* Available data
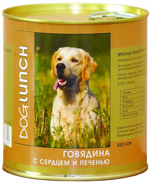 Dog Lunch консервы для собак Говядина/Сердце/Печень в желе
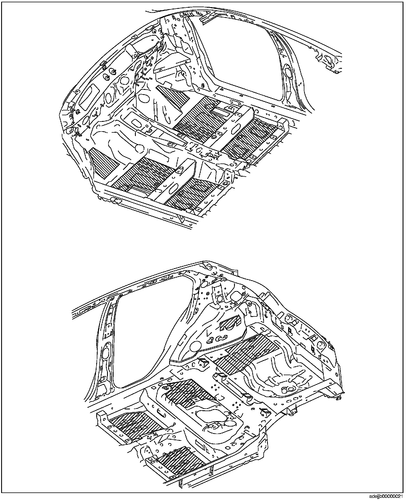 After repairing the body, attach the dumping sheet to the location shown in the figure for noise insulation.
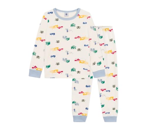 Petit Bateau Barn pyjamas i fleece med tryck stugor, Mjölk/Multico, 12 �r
* * *
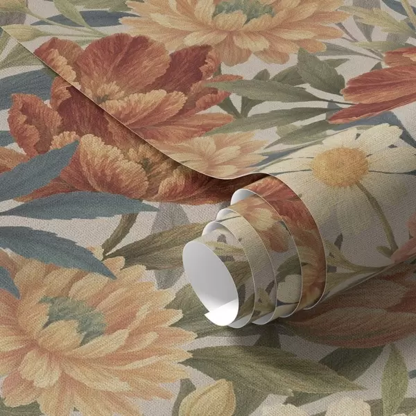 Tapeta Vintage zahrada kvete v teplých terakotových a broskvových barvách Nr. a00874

* What you will do
Please output the lines above beginning at the line with "Dog Lunch консервы" and ending after the line with "Petit Bateau Barn", precisely as written and with no pictures.

* Exercise answer
 Dog Lunch консервы для собак Говядина/Сердце/Печень в желе
 After repairing the body, attach the dumping sheet to the location shown in the figure for noise insulation.
 Petit Bateau Barn pyjamas i fleece med tryck stugor, Mjölk/Multico, 12 �r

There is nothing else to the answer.